Oman

Oman: a country where being low-key is a lifestyle

by Ahmed E. Souaiaia

January 14, 2009

I was aware of Oman's reputation as low-key player in terms of foreign policy. Unlike some of its neighbors, Oman does not take sides in regional disputes, it does not interfere in its neighbors’ internal affairs, and it solves problems with the outside world away from the limelight. 
But only those who have had the opportunity to visit and live among the Omanis are able to see firsthand that being low-key is a lifestyle here. From its citizens to its governing elite, from professionals to public servants, Omanis love to do things quietly.

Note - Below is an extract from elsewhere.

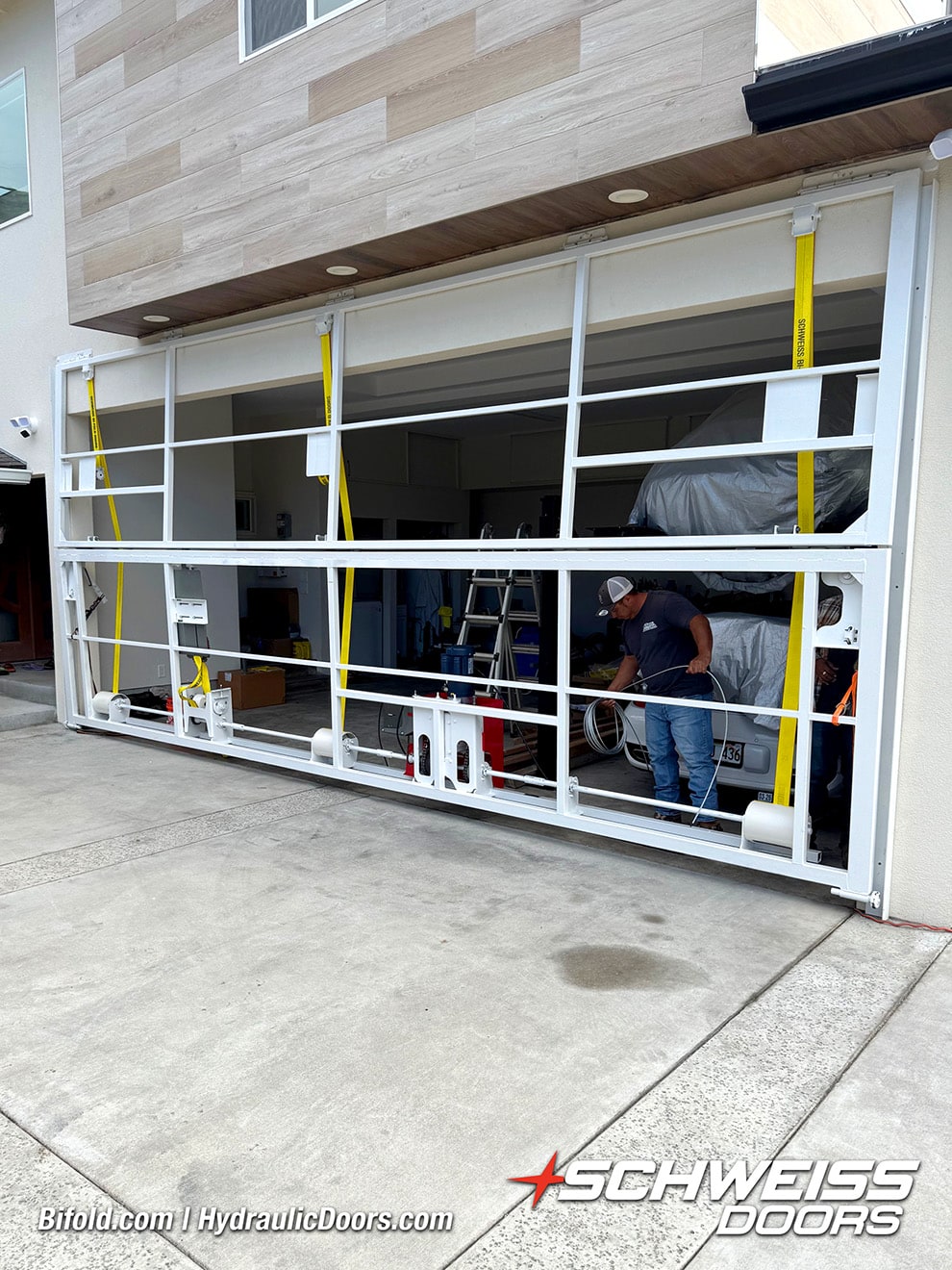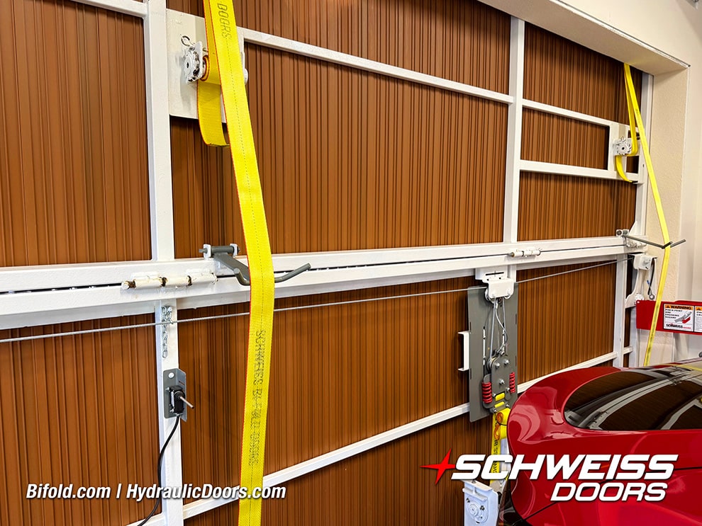 As space was at a premium, Eskin wanted to make sure he preserved every usable inch of room he had in his garage, including ceiling height and the clear opening for the door. This is the main reason why he decided to install a Schweiss Doors lift strap bifold door, one that measures a very precise 22-feet and 5 ¾-inches wide by 8-feet and 9 ¾-inches high.

It took me more than twenty-four hours traveling around the beautiful city of Muscat before I noticed the presence of police officers on the road. And when I saw one, he was clearing the debris off the road where a traffic accident just happened. This phenomenon is unprecedented when it comes to most countries in the Arab world.
In Tunisia for instance, the first thing visitors would notice is the heavy presence of police officers. At every major intersection in Tunis, one could run into uniformed police officers and it is very likely that one will be pulled over and asked questions. Nearly every government building or major private establishment in Morocco, too, is manned by security personnel. In some other Arab countries even the military can be seen, especially, on country roads.

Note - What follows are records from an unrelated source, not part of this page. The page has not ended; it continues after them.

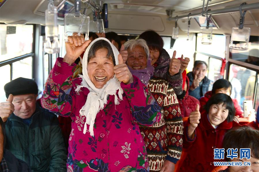 1月2日,荣成市王连街道客岭村的村民乘坐大客车出行。
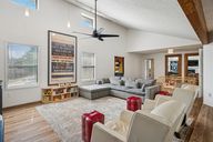 Privacy fenceHot tub deckElegant foyerTile flooringUpdated one-story homeCeramic plank flooringPainted brick fireplace
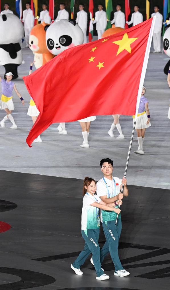 8月7日,成都世運(yùn)會(huì)組委會(huì)會(huì)旗執(zhí)旗手張雨霏在開(kāi)幕式上。新華社記者 劉坤 攝
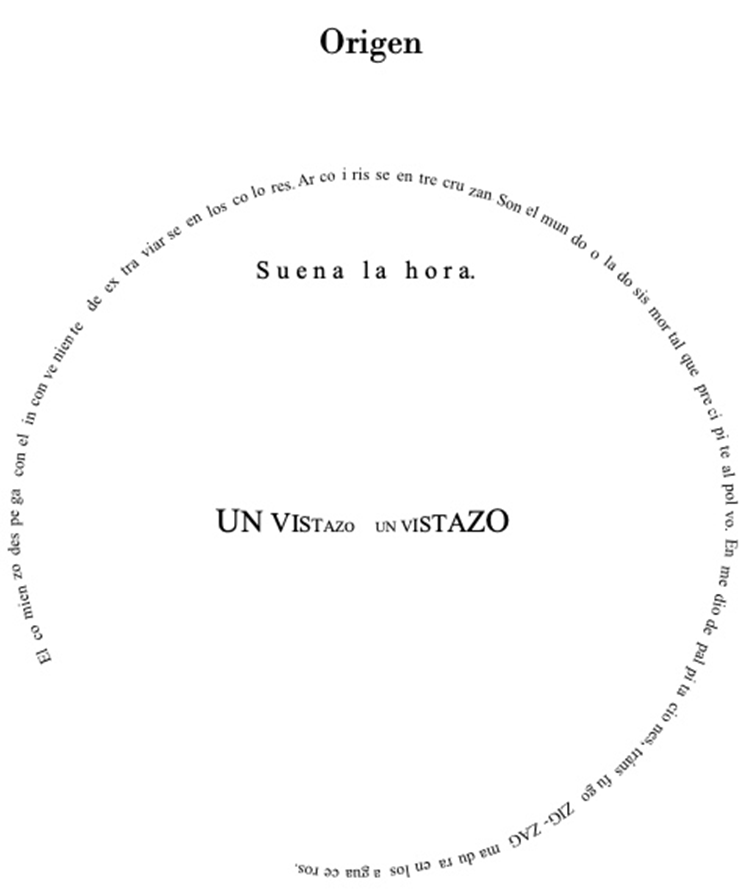 Origen: Suena la hora. Un vistazo / un vistazO. El comienzo despega con el inconveniente de extraviarse en los colores. Arcoíris se entrecruzan. Son el mundo o la dosis mortal que precipita al polvo. En medio de palpitaciones Tránsfugo ZIGZAG Madura en los aguaceros.
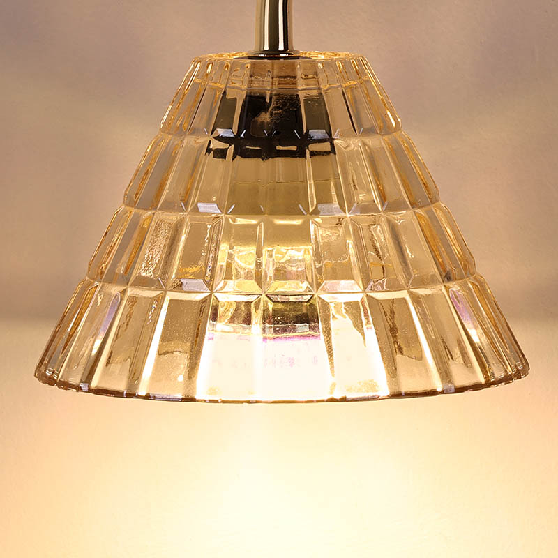 Designet af denne bordlampe indeholder både traditionelle og moderne elementer. Glasskærmen med sit sarte gittermønster udstråler en retro, men alligevel stilfuld stemning, der blødt spreder lyset og skaber en varm, behagelig atmosfære. Lampehuset er lavet af slidstærkt metal med en gylden varm tone, der ikke kun giver en visuel følelse af varme, men også tilføjer et strejf af sofistikering. Dens enkle og elegante form kan problemfrit passe ind i forskellige boligstile og bliver den perfekte accent til at lyse op i dit liv.
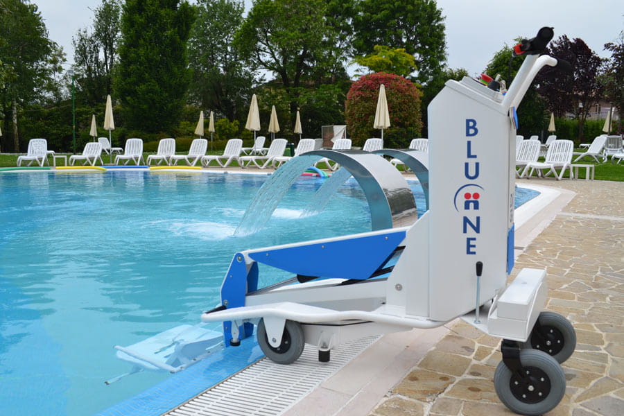 Podnośnik basenowy BluOne został zaprojektowany dla osób niepełnosprawnych zarówno poruszających się na wózku inwalidzkim jak i starszych, czy po prostu mających problemy z wejściem i wyjściem z basenu.
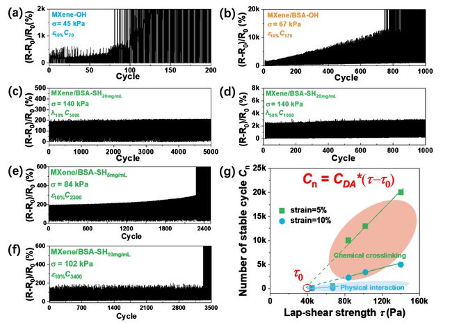 基于“點擊化學”制備的柔性應變傳感器具有可控的界面黏附強度,作者仔細的研究了界面黏附強度與耐久性之間的關系。首先,作者提出了用于表征耐久性的參數:穩定循環次數 C n,該參數表示傳感器在固定應變下能夠穩定輸出電阻信號的次數。通過調控界面交聯密度得到了除界面黏附強度外其他因素皆相同的傳感器,并探索了黏附強度與穩定循環次數之間的關系。如圖3所示,隨著界面黏附強度的增加,穩定循環次數隨之線性增加,并且該線性關系的斜率與應變大小,界面類型等因素都有關,作者推導出二者之間的轉換因子"durability-adhesion coefficient ( CDA)”。
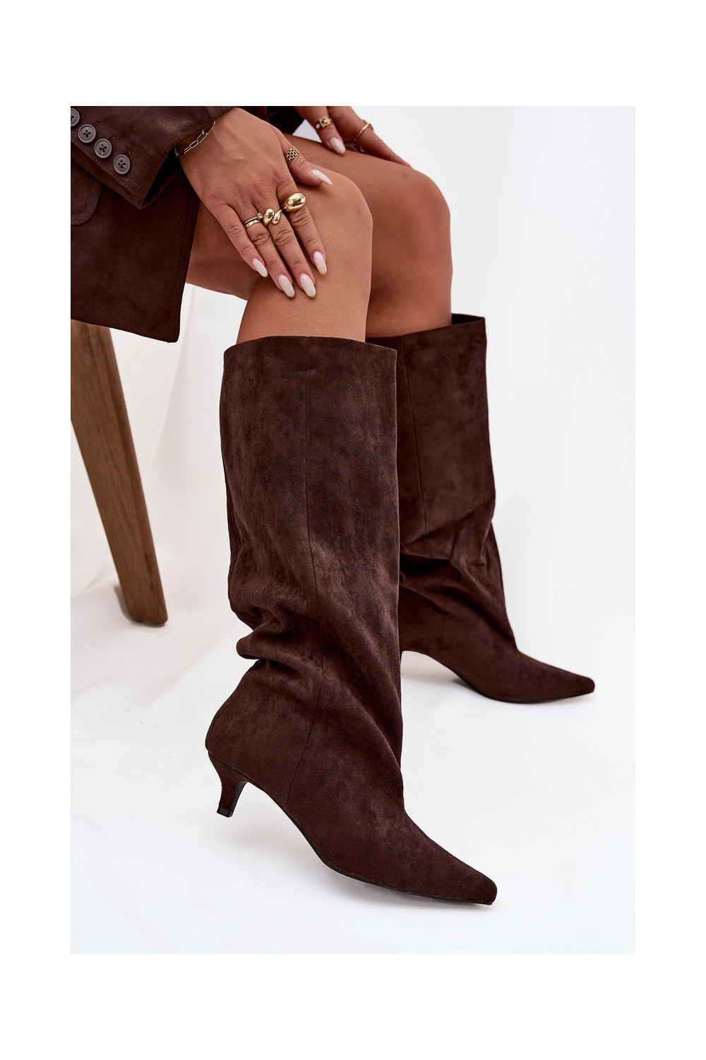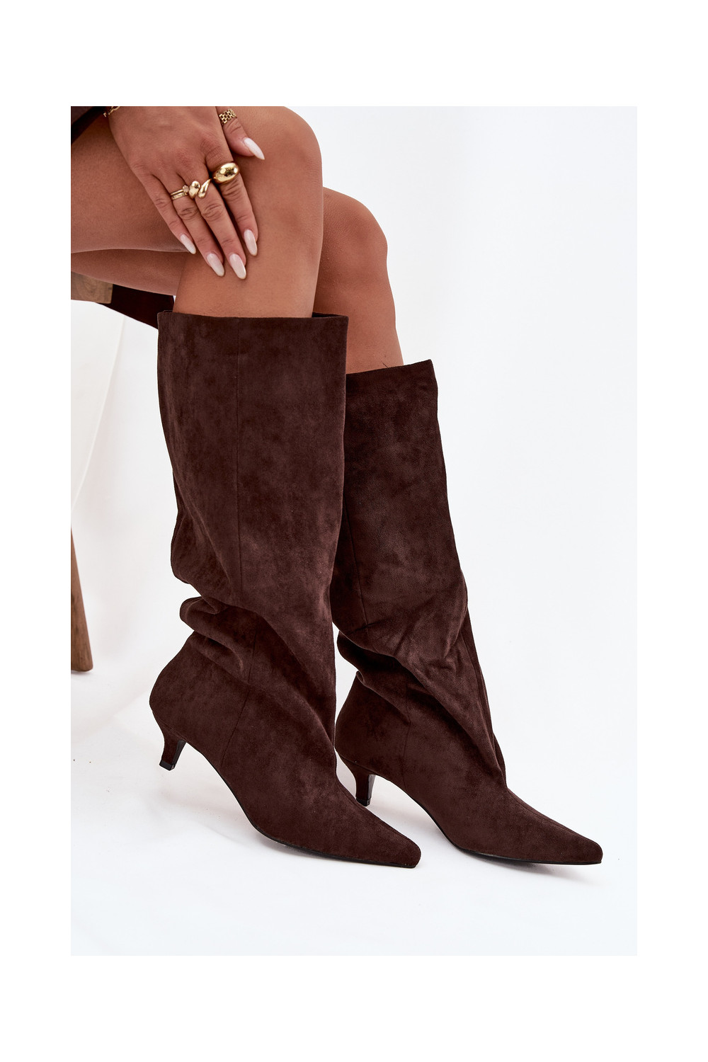 sieviešu garie zābaki ar papēdiEko zamšādau CzekoladoIne Pheona

Having said this, it is not being suggested that only in the Arab world are security personnel present in the streets. In fact, even in my own current hometown, a small-sized American metropolitan, it is not unusual to spot patrol cars once or twice on one’s trip from home to work or even from home to the grocery store. Sirens are heard even in the middle of the night. It is because the presence of uniformed security personnel is a usual and mundane event in most countries that its absence in Muscat is astounding.

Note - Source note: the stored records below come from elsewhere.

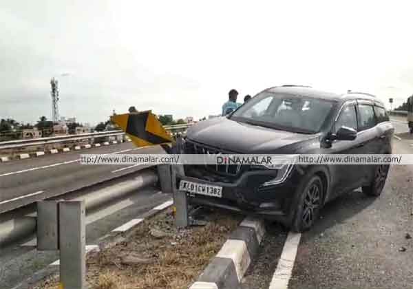 திருவனந்தபுரத்தை சேர்ந்த வினோத் 53, என்பவர் குடும்பத்தினருடன் காரில் வந்தபோது கோவில்பட்டி இனாம் மணியாச்சி அருகே நான்கு வழிச்சாலை தடுப்புச் சுவரில் மோதி விபத்துக்கானது. வினோத் குடும்பத்தினர் காயங்களுடன் உயிர் தப்பினர்.
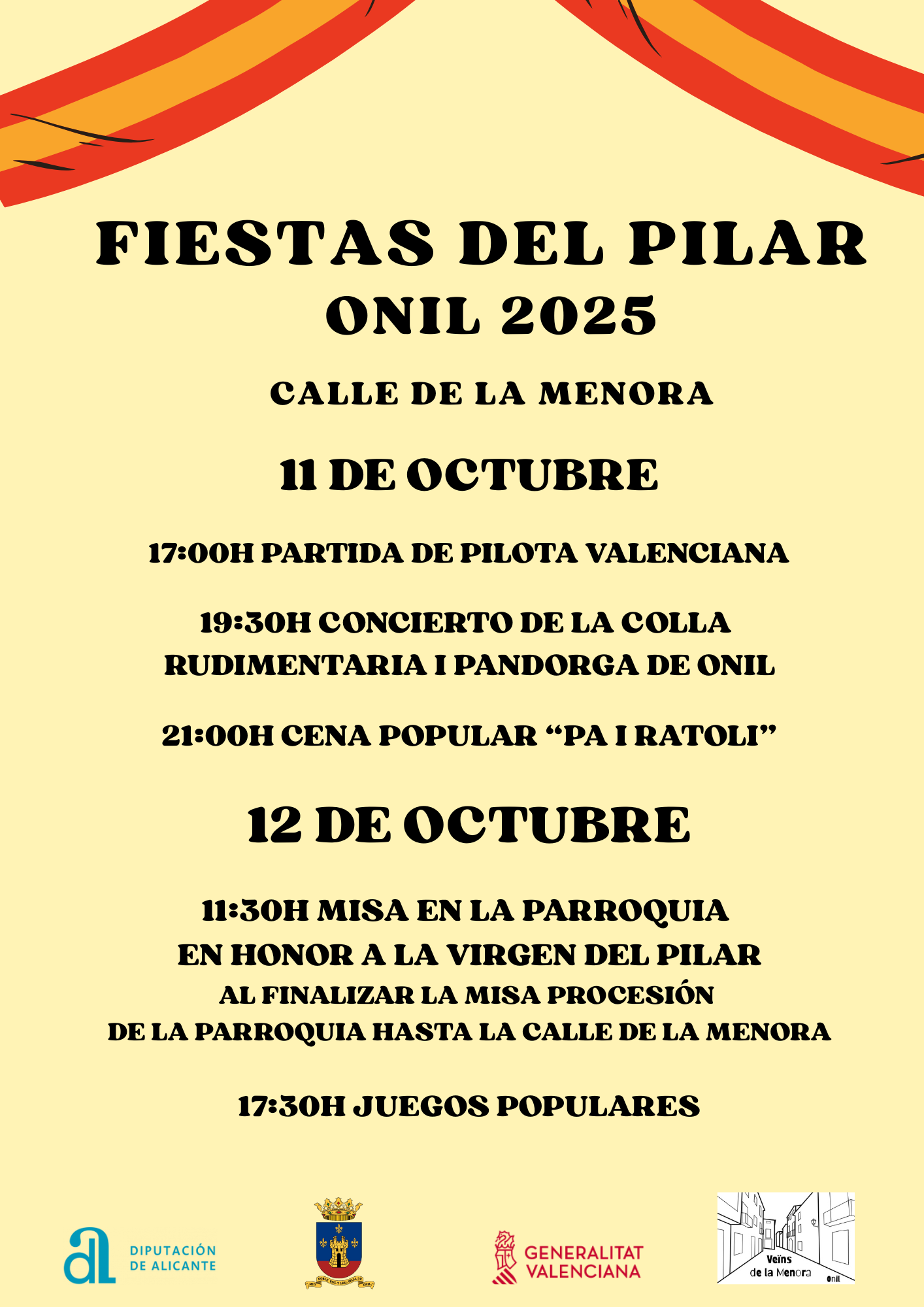 El Ayuntamiento de Onil, a través de la Concejalía de Fiestas y con la colaboración de los vecinos y vecinas de la calle de La Menora, presenta la programación de las Fiestas del Pilar 2025, que se celebrarán los días 11 y 12 de octubre.
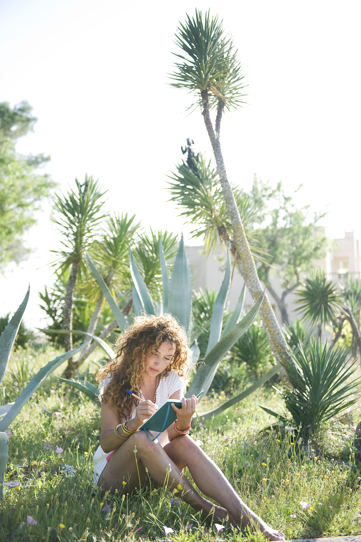 een Chileense medicijnvrouw. En van voetreflexologie tot sound healing. Ik merk dat ik vrolijk word van het feit dat sommige deelnemers tussen de yogalessen door lekker zonnen aan het zwembad, anderen een boekje lezen in de schaduw of een hippiemarktje bezoeken, weer anderen er even tussenuit sneaken voor een sangriaatje op het strand, terwijl tegelijkertijd iemand haar aura laat lezen of zich overgeeft aan de klanken van de prachtige schalen, snaren en drums van Deva, de geliefde van Lena.
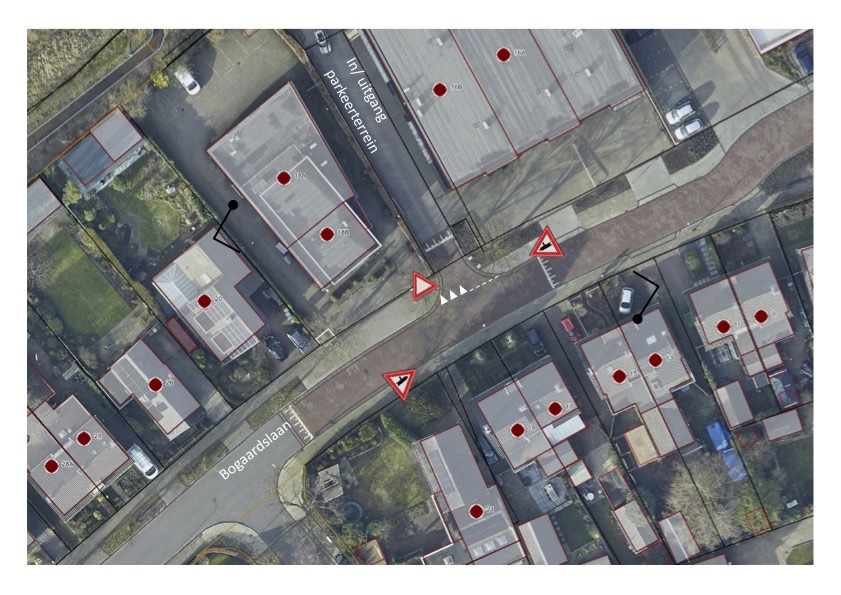 Om de voorrangssituatie te verduidelijken en de verkeersveiligheid te verbeteren, wordt besloten een voorrangsregeling in te stellen. Hierbij moet verkeer dat vanaf het parkeerterrein komt, voorrang verlenen aan verkeer op de Bogaardslaan.

But once one talks to people, one would soon realize that being subtle and low-key is the primary trait of Omanis. Being low-key is reflected in interactions, architecture, services, governance, and living. To be sure, it is nearly impossible to see a building higher than ten floors. Moreover, the colors of buildings and private homes are nearly the same: no bright or unusual colors. Rather, shades of the subtle cream, antique white, beige, earth yellow, and related shades bring the city walls to a perfect harmony with the natural colors of the many landscape, hills and mountains in the background and the horizons. In fact, the only building with bright colors that I saw turned out to be the palace of his Majesty the Sultan of Oman. But even there, subtlety is still present: the palace is beautifully nested in a forest of reticent clusters of buildings and homes, some of which were built specifically for the poor. Even in the proximity of the halls of power, there are no visible security personnel standing guard at the gates.
Under the covers of the subtlety, however, is an active society that is growing particularly efficient and modestly confident in its abilities. This is a society that shuns the bright lights, the noisy nights, and the glamorous displays of power; but one determined to build a better future.